Titel: Weisser Oleander Kostenlos Bücher Online Lesen
Autoren: Janet Fitch
Vom Netzwerk:
blassgrün, mauve, taupe. Links Shorts und dünne Pullis. Zuunterst Seidentücher. Ihre Wintersachen lagen zusammengefaltet und luftdicht verpackt in verschließbaren Kleidersäcken im obersten Fach des Wandschranks.
    Dieser Drang nach Ordnung und Ritualen war eines der Dinge, die ich an Claire besonders mochte, ihre festen Kalender und Regeln. Sie wusste genau, wann es Zeit war, die Winterkleidung wegzuräumen. Das gefiel mir.
    Ihr Ordnungssinn, anmutig und ein bisschen verschroben, kleine Geheimnisse, die nur Frauen kannten, Lingerie-Säckchen und farblich passende Wäsche.
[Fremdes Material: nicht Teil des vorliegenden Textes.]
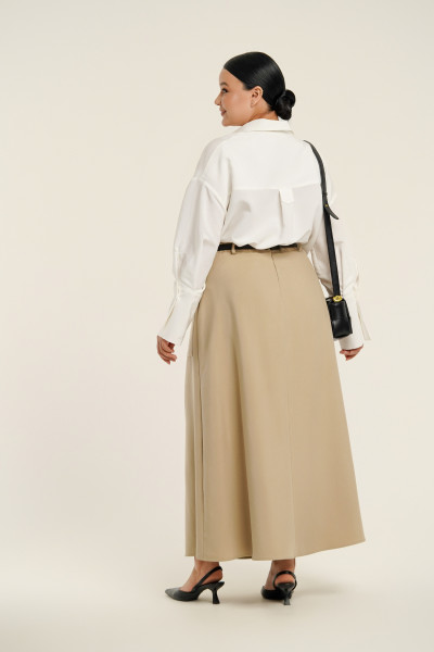 Юбка А-силуэта. По переду встречная складка, слева накладной карман с клапаном. Застежка на потайную молнию и петлю с пуговицей. Пояс отрезной с вставками эластичной тесьмы.

Sie warf die Unterwäsche, die ich von Starr bekommen hatte und die inzwischen voller Löcher war, weg und kaufte mir in einem Kaufhaus alles neu; dabei diskutierte sie mit der ältlichen Verkäuferin über die Passform der BH s. Ich hätte gern Satin und Spitze genommen, in Schwarz und Smaragdgrün, doch Claire wies meine Vorschläge sanft, aber bestimmt zurück. Ich tat so, als sei sie meine Mutter, und jammerte ein bisschen herum, bevor ich mich schließlich fügte.
    Claire hatte neue Fotos von sich machen lassen, Porträtaufnahmen für ihre Schauspielermappe. Wir fuhren nach Hollywood, um sie in dem Laden auf dem Cahuenga Boulevard abzuholen. Auf Fotos sah sie ganz anders aus, konzentriert, lebhaft. Im wirklichen Leben war sie dünn und verträumt, voller komischer Ecken und Kanten wie eine Mademoiselle von Picasso. Der Fotograf, ein alter Armenier mit einem halb geschlossenen Auge, meinte, ich solle auch Fotos von mir machen lassen. »Sie könnte als Model arbeiten«, sagte er zu Claire. »Ich hab schon schlechtere gesehen.«
    Ich fuhr instinktiv mit der Hand an die Narben auf meinem Kinn. Konnte er denn nicht sehen, wie hässlich ich war?
    Claire lächelte und strich mir über das Haar. »Würdest du das gerne?«
    »Nein«, sagte ich so leise, dass der Fotograf es nicht hören konnte.
    »Wir werden darüber nachdenken«, meinte Claire.
    Auf dem Weg zurück zum Auto in der Hitze eines taubenflügelblassen Nachmittags kamen wir an einem Alt-Hippie vorbei. Grauhaarig, einen grünen Seesack vor die Brust geschnallt, bettelte er die Leute um Geld an. Die Passanten drängten sich an seinem ausgestreckten Pappbecher vorbei und überquerten die Straße. Er war nicht einschüchternd genug für diese Art Arbeit. Ich musste daran denken, wie ich selbst auf dem Parkplatz des Spirituosenladens gebettelt hatte, doch es war nicht das Gleiche gewesen. Ich war kein Alkie, keine Drogenabhängige. Ich war erst fünfzehn. Er hatte es sich selbst eingebrockt.
    »Bitte«, sagte er, »helfen Sie einem armen Mann in Not.«
    Ich wollte schon die Straße überqueren, um dieser Vogelscheuche zu entkommen, doch Claire sah ihn an. Sie brachte es nicht fertig, Leute zu ignorieren.
    »Haben Sie was Kleingeld übrig, Lady? Auch das kleinste bisschen würde helfen.«
    Die Ampel schaltete auf Grün um, doch Claire achtete nicht darauf. Sie kramte in ihrer Handtasche herum und suchte Kleingeld zusammen. Sie würde nie lernen, wie man mit Pennern umging; dass sie sofort an einem klebten wie Rizinussamen, wenn man ihnen auch nur die kleinste Nettigkeit erwies. Claire sah bloß, wie dünn er war, dass er hinkte, weil ihn wahrscheinlich mal ein Auto angefahren hatte, während er an den Ampeln bettelte. Meine Mutter hätte ihm vermutlich angeboten, ihn vor den nächsten Bus zu stoßen, doch Claire hatte Mitleid. Sie glaubte an die Seelengemeinschaft aller Menschen.
    Der Hippie steckte sich das Geld in die Tasche. »Sie sind ein guter Mensch, Lady. Die meisten schauen einem Mann ja nicht mal in die Augen, wenn er ganz unten ist.« Dabei sah er mich anklagend an. »Es ist mir egal, ob mir jemand was gibt oder nicht. Ich will bloß, dass mir die Leute in die Augen sehen, verstehen Sie, was ich meine?«
    »Das verstehe ich«, sagte Claire mit einer Stimme, die nach kühlem Wasser und weichen Händen klang.
    »Ich hab mein ganzes Leben lang hart gearbeitet, doch dann hab ich mir das Kreuz verrenkt, verstehen Sie. Während der Arbeit hab ich nie getrunken. Nie.«
    »Da bin ich sicher.« Die Ampel wurde wieder rot. Am liebsten hätte ich sie auf die belebte Straße gezogen. Überall, wo wir hingingen, erzählten die Leute Claire ihre traurigen Lebensgeschichten. Sie konnten ihr ansehen, dass sie viel zu höflich war, um einfach weiterzugehen. Er kam näher. Wahrscheinlich war sie seit Tagen der erste normale Mensch, der ihm zuhörte.